And then you think, "why does Progress need to be so fucking noisy?"

You tend to want what you can't have.
You tend to desire what cannot, or does not want to, be desired.
You tend to create these things in your head that deceive you into believing, whatever, the sky is fucking green, the moon isn't really there, the sun is spreading AIDS, grandma's diarrhea tastes good.
It's like God is a manipulative little ass fuck that's always fucking around with your programming, trying to get it "right," to finish the remodel.
But it's all really a test or a signal or something, you're not sure.
But you do know, it's exactly what you need, God doesn't fuck around.
So you feel the gut punches, the uncertainty, the frustration, the impatience, the unrelenting desire to have what you cannot, the overwhelming feeling to just give up, and yet, somehow, keep moving forward.
"Strength is built in increments, right?" the TV yoga guy told you once.
 And you believed him.

This is the modern human experience, where finesse and skill and patience outweigh brute force.
And it's a tough game for you to play, because brute force is your instinct; you want it all now.
But waiting is what everything has become.
It's like we all exist to wait, for the phone to ring, for the people in front of us to finish their stupid order, for the cars ahead to go forward, for the elevator to carry us to the top of the building, for The Progress Machine to scoop us up and haul us off to Recycling.
You live inside a box that's wrapped in another box that's loaded into a crate with a bunch of other boxes and you're allowed to see and experience all of the things yet actually attain, possess, whatever, none of them for your own.

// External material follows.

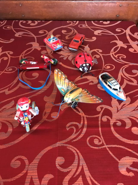 Blechspielzeug Konvolut, Dreirad, Schmetterling, Schiff, Marienkäfer, pickende Hühner und zwei verschiedene Autos, mehrheitlich gut bis sehr guter Zustand, alle ohne orig. Verpackungen.
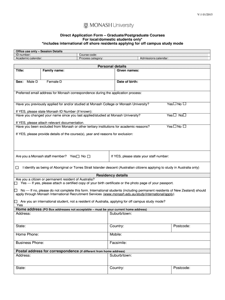 V:1 01/2015 Direct Application Form Graduate/Postgraduate Courses For local/domestic students only* *includes international offshore residents applying for off campus study mode Office use only Session

The Complete Guide To Picking Up Women Using Insults & Cleverly Manufactured Tongue Movements - 1.96

The man sitting to your right whose shoulder is touching the middle of your upper arm and whose knee is snuggly planted in the middle of your thigh slurs a sentence in your direction, “what issa it yous do?"
“What’s that?” you say in return, leaning in a little closer as if that’s the way to understand someone who can’t speak the same language as you.
“Whaa, you def er wha?"
Then he makes a jerking movement with the hand holding his beer, like someone just shocked him back to life, and a little beer spills on you.
And you sigh and roll your eyes and remember all the times you were a drunk assfuck who just wanted people to like him and thought they would if they thought you were drunk because being drunk is cool.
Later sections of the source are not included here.